Why two fields in same collection with same data type but different cardiality has different index size

Monika_Shah · December 26, 2023, 5:25pm

Documents in a collection have two mandatory fields F1, F2 of same data type , but different cardinality(distinct values). Default B-Tree index is created on F1 and F2 fields. Index size is identified using db.collection.stats().indexSizes

Question is : Why two fields on same collection with same data type have different index size?

steevej · December 26, 2023, 7:28pm

Because the have

Grosso Modo, one value is one node in the tree. An higher cardinality implies more nodes.

Monika_Shah · January 4, 2024, 5:12am

I also thought higher cardinality cause more intermediate node and hence more size. But, some examples do not justify it. For example, F1 field with lower cardinality and F2 with higher cardinality in same collection . But, Index size of F1 field is higher than F2.

On other side,
Two different collection coll1 and coll2 have same number of documents and each document in both collection have same field (Rid) with unique (same cardinality) and same value , but document size is different in coll1 and coll2. Even after same cardinality and same value of document in different collection shows different index size. Why?

steevej · January 4, 2024, 3:29pm

For case 1, I can imagine some cases where a low cardinality field index would be bigger than a high cardinality field. An example would be

{ f1: 'this is low cardinality but long key value', f2: 2 }

Each index node will require more space with f1 since the values of f1 are way smaller than f2. So it is possible that despite having less node in f1’s index, it does takes more space.

As for case 2, I am surprised. Same cardinality, same key type, same index definition and same update pattern should provide identical index size despite document size. What I suspect, is that one collection had a lot of insert/delete. If the index space is not necessarily released after delete. The other collection did not go through the same cycle of insert/delete. I could create such a scenario by playing around with c1 and then aggregate c1 with an $out to c2. Exactly the same documents, but index of c1 is bigger than c2.

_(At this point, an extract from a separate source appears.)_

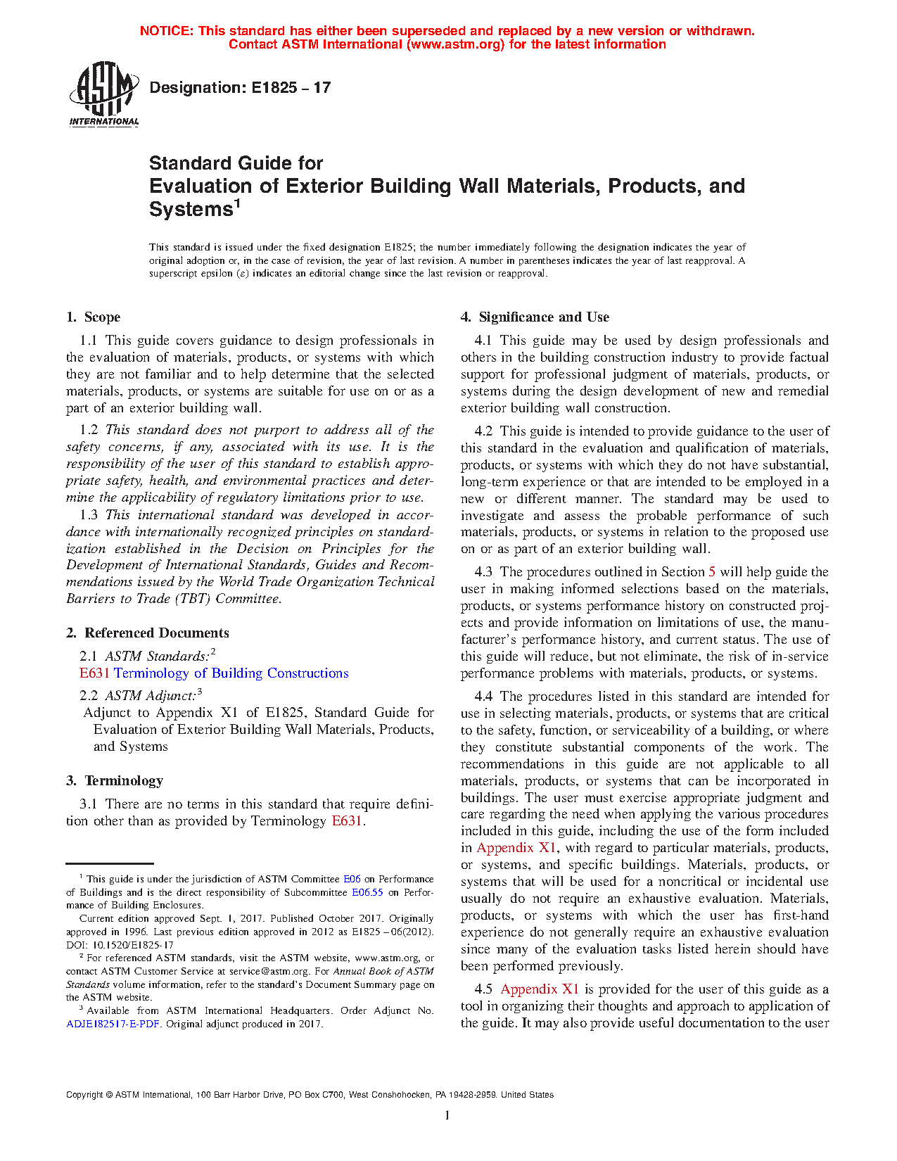 1.1 This guide covers guidance for use in the evaluation of materials, products, or systems with which they are not familiar and to help determine that the selected materials, products, or systems are suitable for use on or as a part of a building’s exterior enclosure.

Monika_Shah · January 5, 2024, 8:02am

For case 1, low cardinality field has value 1 to 10^5, which is obvious lower than high cardinality field with value 1 to 10^7. Even though, Index size of low cardinality field is more than high cardinality field .

Second case, No delete operations is performed. But, yes insert operations are performed that do not required to release space as per my knowledge.

May I know Index structure used by the database? Does it use B±tree type index, where leaf node contains key value+ document pointer for each record irrespective of duplicate or unique value and non-leaf node contains key value for unique key values and other node pointer? does db.collection.stats().indexSizes represent compressed index sizes ?

steevej · January 5, 2024, 2:30pm

I am sure you may find documentation about the implementation details. I don’t know the exact details and I do not worry that much. I cannot help further on this matter.

Monika_Shah · January 7, 2024, 6:32am

Thank you steeve for your help till now.
Just to inform that exception scenario of two fields in different collection but with same cardinality, same key type, same defintion, and same update pattern with different index size. : It is default _id field of two collections with same number of documents but document size is different.

Does MongoDB use B±Tree index structure as default for single field index? for both primary and secondary key

steevej · January 7, 2024, 2:16pm

With google’s help, it looks like it does use B-Tree

system · January 15, 2024, 5:50pm

This topic was automatically closed 5 days after the last reply. New replies are no longer allowed.